Футбол хорошо приспособился к своей новой популярности. Это было несомненно демократичное времяпрепровождение. Не требуя никакого оборудования, кроме мяча, в футбол мог играть кто угодно и где угодно – в отличие от тенниса, плавания или легкой атлетики, которые требовали определенного уровня дохода или же общественных сооружений, не слишком широко доступных во многих европейских странах. Необычно высокие или дородные не имели никаких преимуществ – совсем наоборот, – и игра не была особо опасной. Профессиональный футбол долгое время считался низкооплачиваемой альтернативой для рабочих парней в промышленных городах, теперь это стало дорогой в преуспевающие элитные пригороды и даже больше.
Более того, какими бы талантливыми и популярными они ни были, футболисты принадлежали своей команде. Их нельзя было легко превратить, как вечно неудачливого французского велосипедиста Раймона Пулидора, в символы безответного национального стремления. Футбол также был слишком прост, чтобы его использовать в метафорическом и квазиметафизическом смыслах, как это иногда делалось с бейсболом в Америке. И игра была открыта для каждого человека (в том числе, все чаще, для каждой женщины), чего нельзя сказать о профессиональных командных видах спорта, в которые играли, например, в Северной Америке. Короче говоря, футбол был очень европейским видом игры.
Как объект европейского общественного внимания, футбол, как иногда утверждалось, теперь заменял не только войну, но и политику. Он, безусловно, занимал гораздо больше места в газетах, и политики повсюду старательно отдавали дань уважения спортивным героям и демонстрировали должное знакомство с их достижениями. Но политика в Европе уже утратила свое собственное конкурентное преимущество: исчезновение старых основных нарративов (социализм против капитализма, пролетарии против владельцев, империалисты против революционеров) не означало, что отдельные вопросы государственной политики больше не мобилизовали или не разделяли общественное мнение. Но оно действительно усложнило описание политического выбора и лояльности в традиционных партийных терминах.
Старые политические крайности – крайне левые, крайне правые – теперь часто объединялись: как правило, в своей оппозиции к иностранцам и общем страхе перед европейской интеграцией. Антикапитализм – несколько неправдоподобно переделанный в антиглобализм, как будто строго национальный капитализм был каким-то другим и менее оскорбительным – привлекал как реакционеров-нативистов, так и радикалов-интернационалистов. Что касается основного политического течения, то старые различия между партиями правоцентристов и левоцентристов в значительной степени испарились. По широкому кругу современных вопросов шведские социал-демократы и французские неоголлисты, например, могли иметь больше общего друг с другом, чем со своими идеологическими предшественниками. Политическая топография Европы кардинально изменилась за предыдущие два десятилетия. Хотя обычно по-прежнему мыслили в терминах «левых» и «правых», стало неясно, что отличает их друг от друга.
Политические партии старого образца стали одной из жертв этих изменений: число их членов сократилось, уровень поддержки в опросах упал, как мы уже видели. Другой жертвой стал почти столь же почтенный европейский институт – публичная интеллигенция. Предыдущий fin-de-siècle стал свидетелем первого расцвета политически ангажированных интеллектуалов – в Вене, Берлине, Будапеште, но прежде всего в Париже: таких людей, как Теодор Герцль, Карл Краус или Леон Блюм. Столетие спустя их потенциальные преемники на европейской сцене если не полностью отсутствовали, то все больше маргинализировались.
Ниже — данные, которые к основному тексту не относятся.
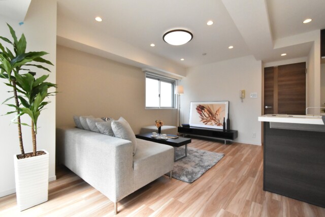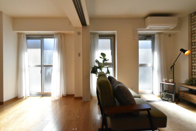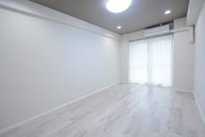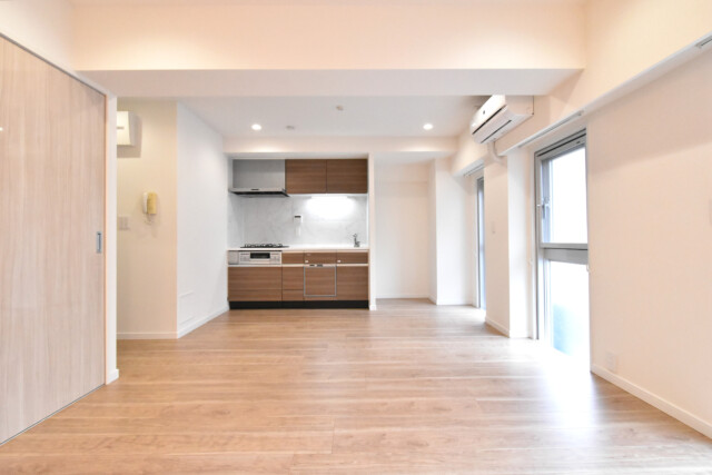 南向きのバルコニーに面したワイドスパンのお部屋です。窓面積が広くとても明るいですよ。木目と白のシンプルな色使いなので家具も合わせやすそうですね。
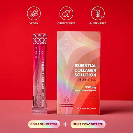 Thông tin sản phẩm EVERYDAZE Essential Collagen Solution Jelly Stick | Vegan Collagen Peptide | Pomegranate | 10 Packs | Hair, Skin, Nails, Beauty, Bone | Vitamins, Minerals, Antioxidants for Men & Women

Причины упадка континентальных интеллектуалов были разными (этот вид всегда был редок в Британии, где отдельные яркие личности встречались как побочный продукт изгнания, например, Артур Кестлер или Исайя Берлин). В Центральной и Восточной Европе вопросы, которые когда-то мобилизовали политическую интеллигенцию – марксизм, тоталитаризм, права человека или экономика переходного периода, – теперь вызывали скучающую и безразличную реакцию у молодых поколений. Стареющие моралисты, такие как Гавел, или бывшие политические герои, такие как Михник, были безвозвратно связаны с прошлым, которое мало кто хотел пересматривать. То, что Чеслав Милош однажды описал как «раздражение восточноевропейских интеллектуалов» на американскую одержимость чисто материальными продуктами, теперь все больше направлялось на собственных сограждан.
В Западной Европе функция интеллектуала как наставника не исчезла совсем – читатели немецкой или французской качественной прессы все еще становились объектами насмешливых политических проповедей Гюнтера Грасса или Режиса Дебре, – но она потеряла объект своих рассуждений. Имелось много частных грехов, против которых могли выступать публичные моралисты, но не существовало общей цели или идеала, во имя которого получилось бы мобилизовать последователей. Фашизм, коммунизм и война ушли в прошлое вместе с цензурой и смертной казнью. ****** ************** ***** ******** ***** ************ ************** ******** ******** ********* *************[786]. Грабительские повадки неограниченного капиталистического рынка, будь то глобального или локального, продолжали оставаться мишенью интеллектуалов повсюду, но в отсутствие уверенного в себе антикапиталистического контрпроекта это был спор, больше подходящий для аналитических центров, чем для философов.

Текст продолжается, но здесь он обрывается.